What is being asked:
Taking the line with "9月份,CSPI國內鋼材綜合" as the first and the line with "This 5-hole Mexican" as the last, set down the lines below exactly, pictures excluded.

Materials provided:
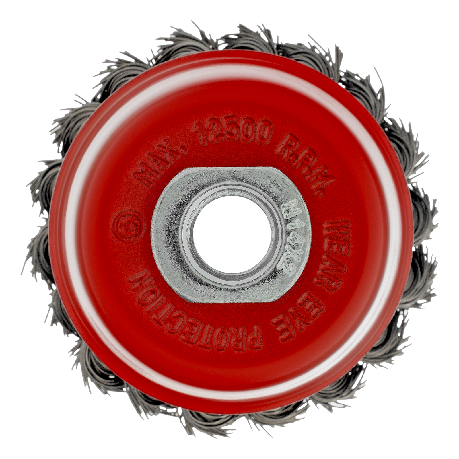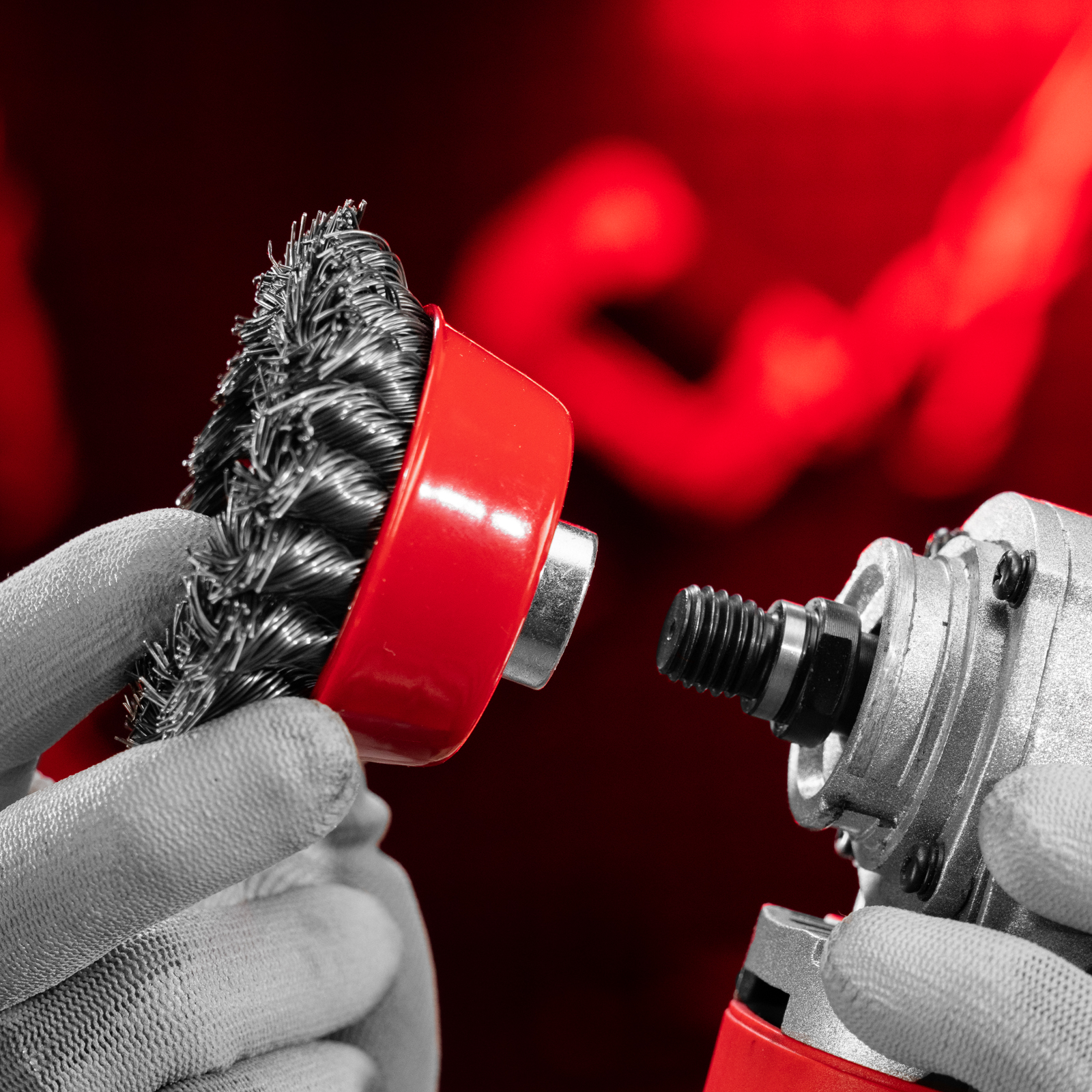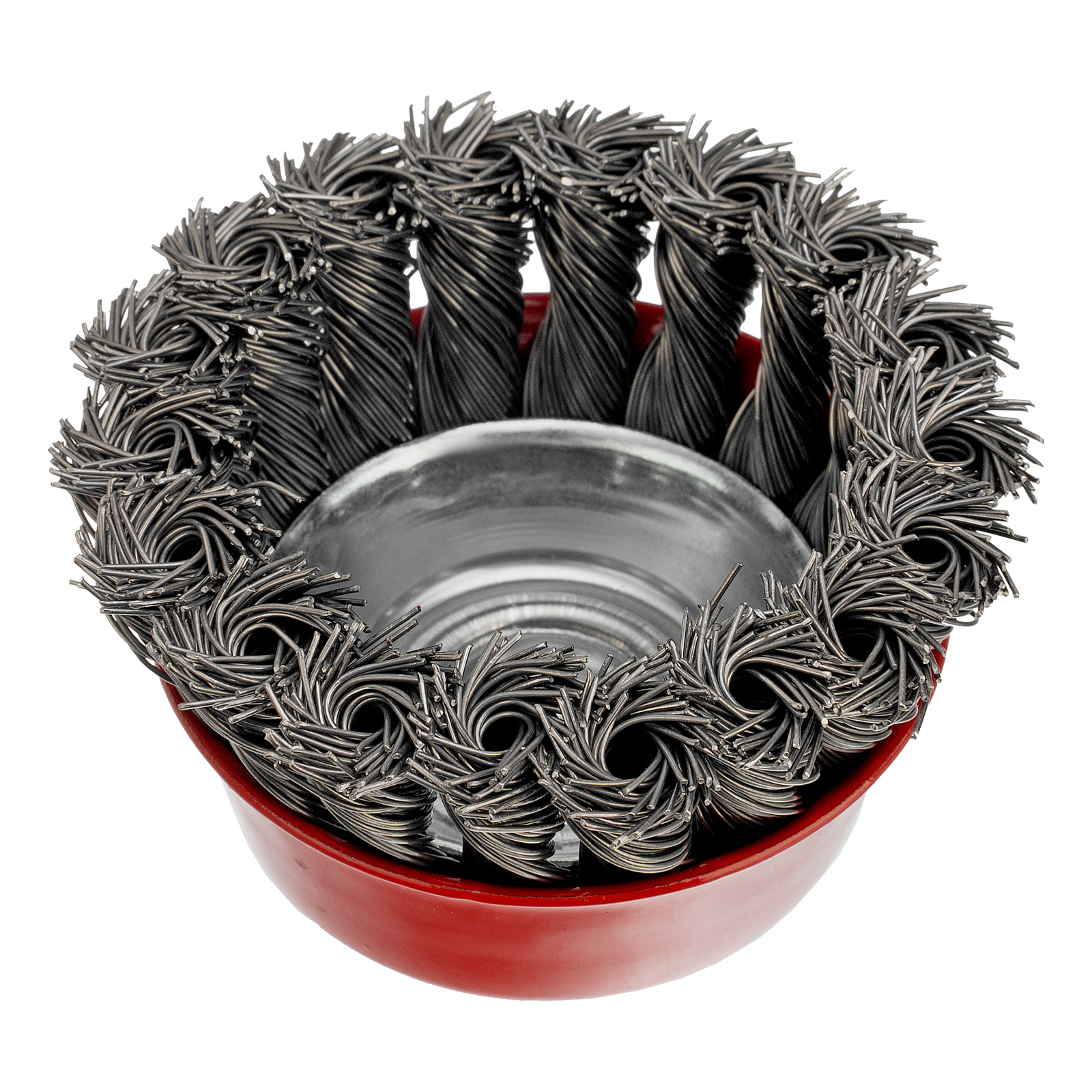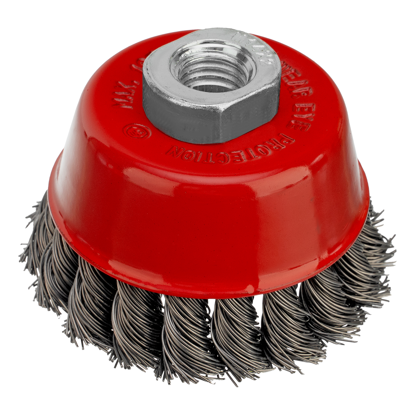 Щетка Matrix «Чашка» 74624 диаметром 75 мм, с присоединительной резьбой М14, с щетиной из крученой проволоки диаметром 0,5 мм, устанавливается на УШМ, поддерживающую работу со скоростью 12500 об/мин. Изделие предназначено для грубой (черновой) обработки поверхностей и подходит для удаления загрязнений, снятия толстого слоя ржавчины, ЛКМ, зачистки сварных швов.
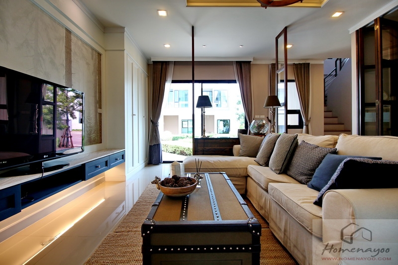 ภายในบ้านโครงการตกแต่งเป็นสไตล์ Modern Contemporary วางชุดโซฟานั่งเล่นหรือรับแขกขนาดใหญ่ ด้วนพื้นที่ที่กว้างขาวอาจเลือกใช้โซฟาที่รองรับการใช้งานได้ 5-6 คนเลยทีเดียว
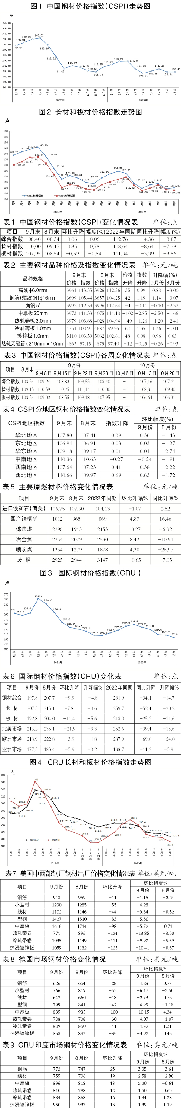 9月份,CSPI國內鋼材綜合指數呈波動下行走勢,第一周、第三周上升,第二周、第四周下降。進入10月份以來,鋼價呈止跌趨穩走勢。
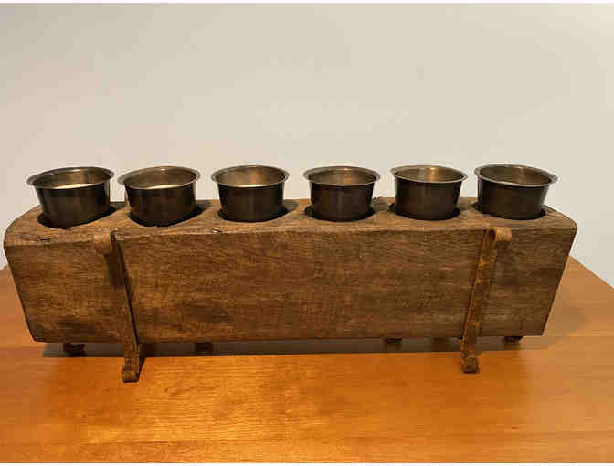 This 5-hole Mexican Sugar Mold Candle Holder makes a great rustic decor accent piece. Handmade from Spanish oak, the mold was originally used to form liquid sugar into cones known as pilloncillo. Pieces of the cones were then chipped away, as needed, for cooking. Two rustic brackets to hold the wooden mold, plus two sets of 5 conical candles each, are included with the Sugar Mold.
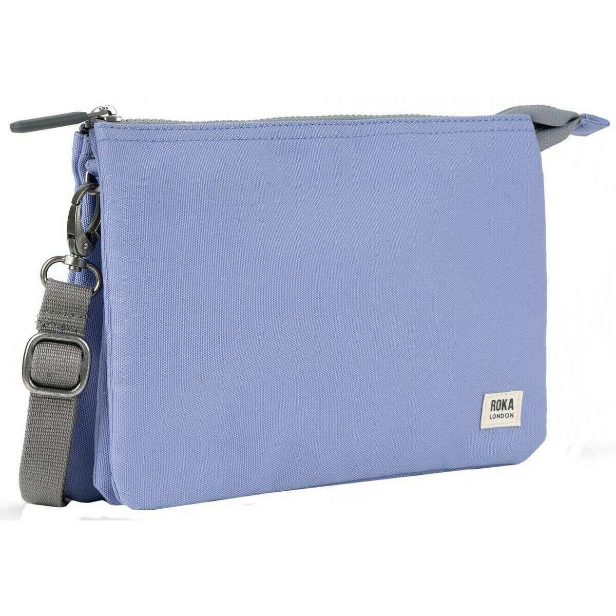 Manufactured from 100% weather resistant recycled canvas is this thistle purple unisex carnaby xl recycled canvas crossbody bag by the designer Roka. It measures 17cm(height) x 25cm(width) x 3cm(depth). It is recommended to clean with a wet sponge or damp cloth to keep this bag in good condition. All the bags come complete with roka packaging. The Roka Carnaby XL Recycled Canvas Crossbody Bag - Thistle Purple offers practicality and organisation when it comes to your day-to-day essentials with its weather resistant recycled canvas material. It has three separate compartments, each with various pockets and slots for cards, coins and notes as well as being big enough to store most mobile phones. It is the perfect accessory that allows you to carry your wallet as a bag with a little extra room for a few more bits and bobs. It is fitted with adjustable webbed strap and is designed to be durable and lightweight as well as sustainable. The Carnaby XL is an all-round winner.
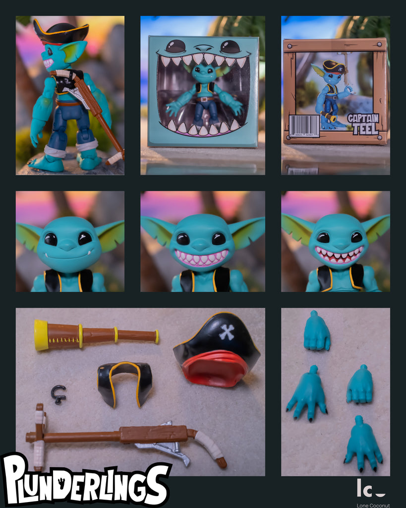 Plunderlings are highly articulated 1/12 pirate-themed monster action figures. Each figure features 3 mischievous expressions, open and gripping hands, and at least 2 accessories. They come in all sorts of tropical colors, customize your own Pirate crew with your choice of Nomads, Ferals and Captains.

Task output:
 9月份,CSPI國內鋼材綜合指數呈波動下行走勢,第一周、第三周上升,第二周、第四周下降。進入10月份以來,鋼價呈止跌趨穩走勢。
 This 5-hole Mexican Sugar Mold Candle Holder makes a great rustic decor accent piece. Handmade from Spanish oak, the mold was originally used to form liquid sugar into cones known as pilloncillo. Pieces of the cones were then chipped away, as needed, for cooking. Two rustic brackets to hold the wooden mold, plus two sets of 5 conical candles each, are included with the Sugar Mold.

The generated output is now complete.